LLM Cost Calculator and Token Budget Tools

Overview

Tokencost is an open-source Python library from AgentOps-AI that provides unified token counting and cost calculation across 400+ LLM models from OpenAI, Anthropic, Cohere, Google, and dozens of other providers. Rather than maintaining your own pricing tables that go stale when providers update their rates, tokencost fetches and caches current pricing data, giving you accurate real-time cost estimates for any supported model.
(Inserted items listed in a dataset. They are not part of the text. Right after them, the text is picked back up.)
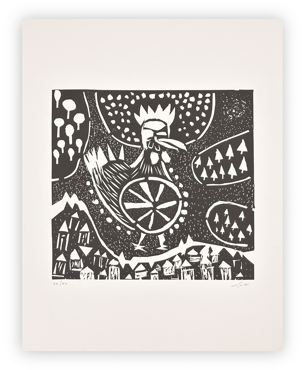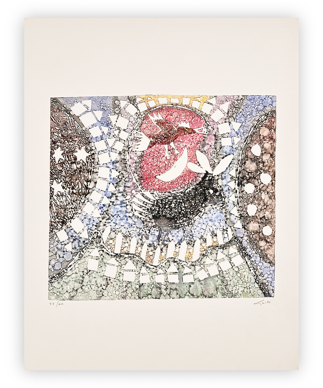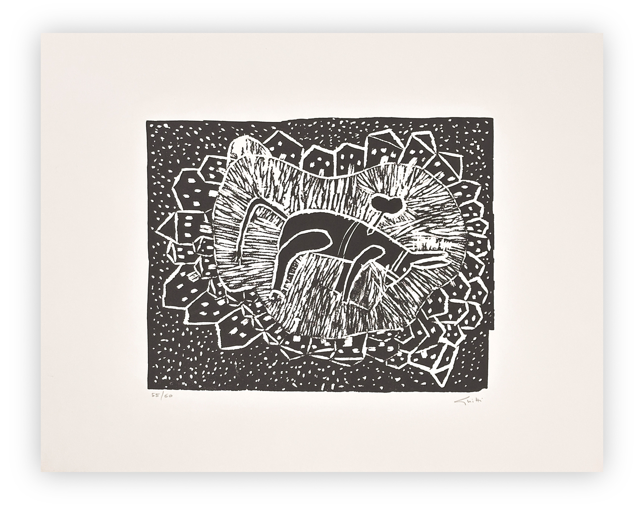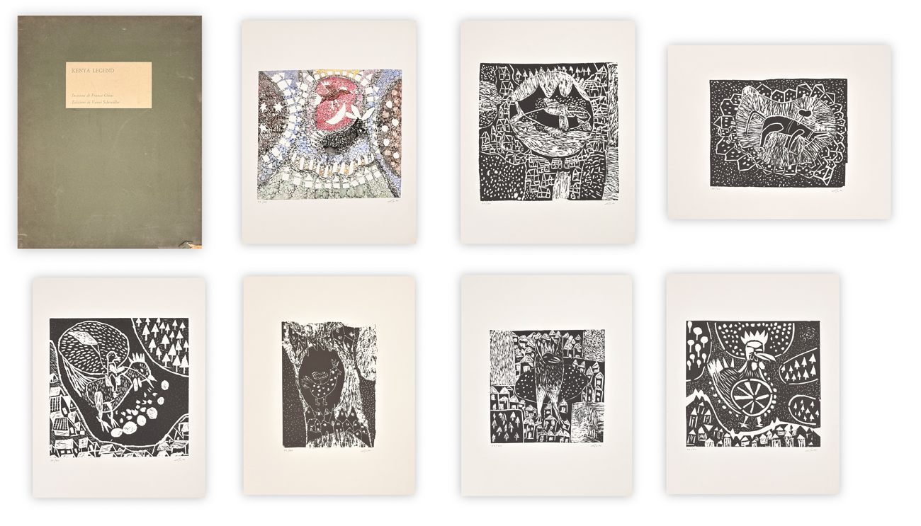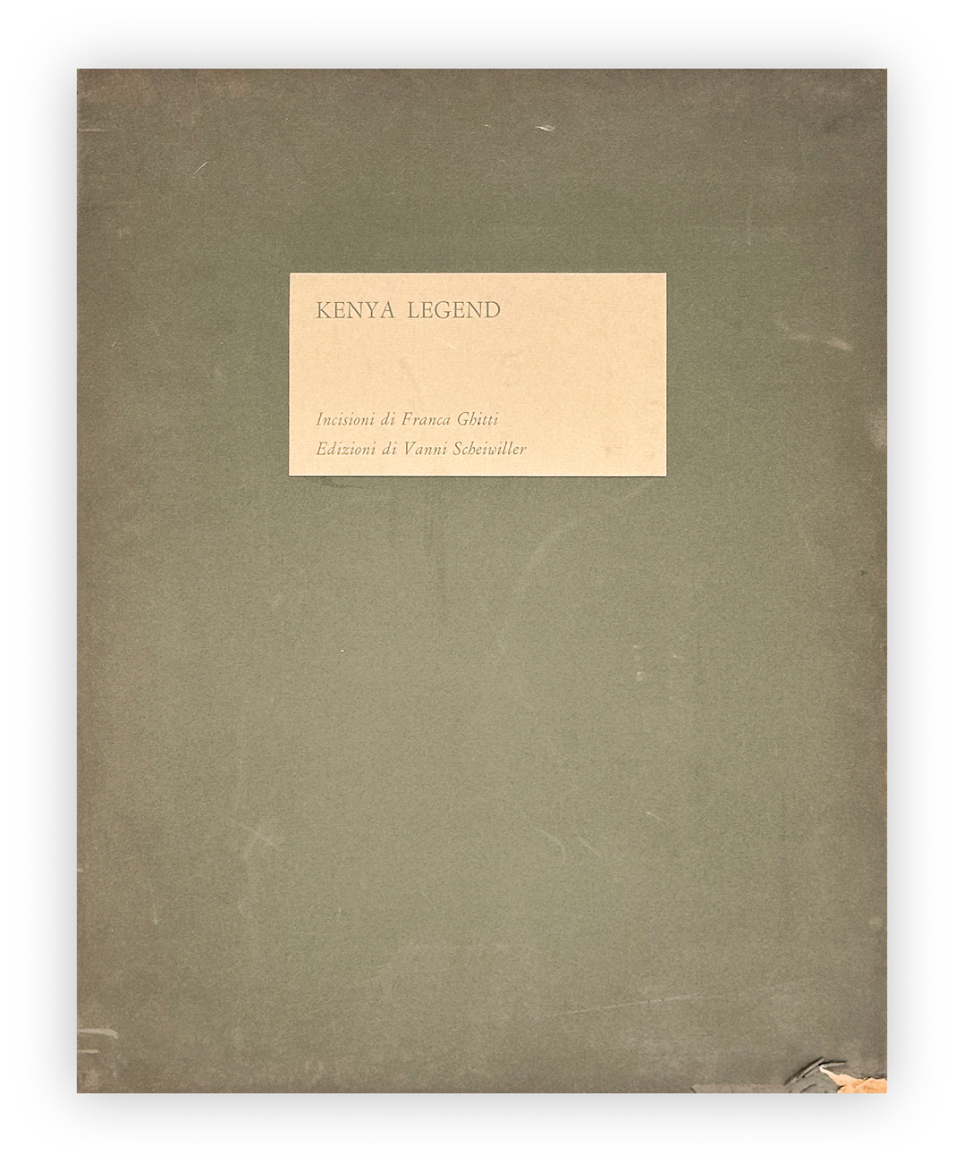 Cartella contenente 5 poesie africane a cura di Leonard W. Doob, tradotte da Mary de Rachewiltz e illustrate da 7 incisioni originali di Franca Ghitti, ciascuna recante firma e numerazione (Esemplari 55/60) a matita al fronte
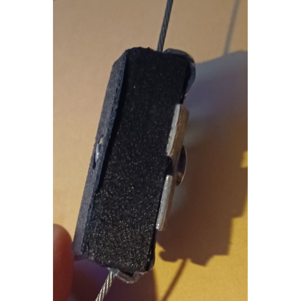 Pull the cables apart slightly allowing the bolt to go through metal bracket and through new holder.(We recommend getting a helper to pull the cables apart slightly while one person puts the bolt through.) Release cables and tighten nut (Hand Tighten only)
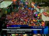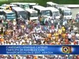 13/06/2012 - El Candidato de la Unidad Democrática a la Presidencia de la República, Henrique Capriles Radonski, visitó este miércoles la ciudad de Cagua como parte de su gira nacional titulada "El Huracán del Progreso". Capriles durante su presentación en tarima habló sobre los problemas que tiene Cagua y Aragua en general como la inseguridad y el abandono de las zonas industriales. También se refirió al fracaso que es Agropatria en la capital del municipio Sucre en el estado.
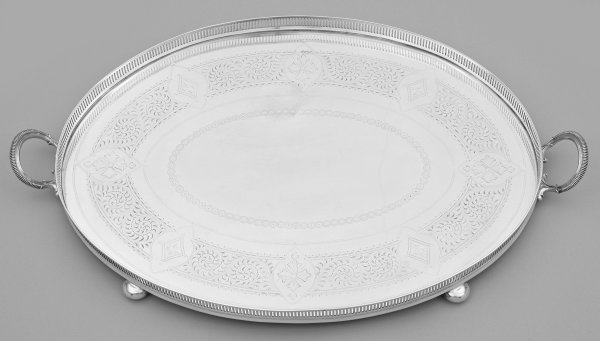 Sterlingsilber. Über vier gedrückten Kugelfüßen ovale Platte mit stabförmig durchbrochen gearbeitetem Galerierand. Glatter Spiegel verziert mit ziselierten Zierbändern aus Blütenkelch- und Blattdekor. Seitliche, godronierte Handhaben. Gest., Beschaumarken, undeutl. Herstellerzeichen, Jahresbuchstabe "c". Gew. ca. 3120 g. H. 5 cm. 67,8 cm x 41 cm.

For security practitioners, tokencost is a foundational component in building defenses against unbounded consumption attacks — you cannot enforce a token budget without first knowing how to count tokens accurately and attribute costs to specific models and users.

Installation

pip install tokencost

Tokencost has minimal dependencies (tiktoken, requests) and works in Python 3.8+.

Core Capabilities

Token Counting

Tokencost provides model-aware token counting that accounts for the different tokenizers used by different model families:

from tokencost import count_string_tokens, count_message_tokens
 
# Count tokens in a plain string for a specific model
token_count = count_string_tokens(
    string="Hello, how can I help you today?",
    model="gpt-4"
)
print(f"Token count: {token_count}")  # 9
 
# Count tokens in a full chat messages list (includes role overhead)
messages = [
    {"role": "system", "content": "You are a helpful assistant."},
    {"role": "user", "content": "What is the capital of France?"}
]
prompt_token_count = count_message_tokens(messages, model="gpt-4")
print(f"Prompt tokens: {prompt_token_count}")  # ~20

Cost Calculation

from tokencost import calculate_prompt_cost, calculate_completion_cost
 
# Calculate the cost of the prompt (input tokens)
prompt_cost = calculate_prompt_cost(
    prompt="Explain quantum entanglement in detail.",
    model="gpt-4"
)
 
# Calculate the cost of a completion (output tokens)
completion_cost = calculate_completion_cost(
    completion="Quantum entanglement is a phenomenon...",
    model="gpt-4"
)
 
total_cost = prompt_cost + completion_cost
print(f"Total call cost: ${float(total_cost):.6f}")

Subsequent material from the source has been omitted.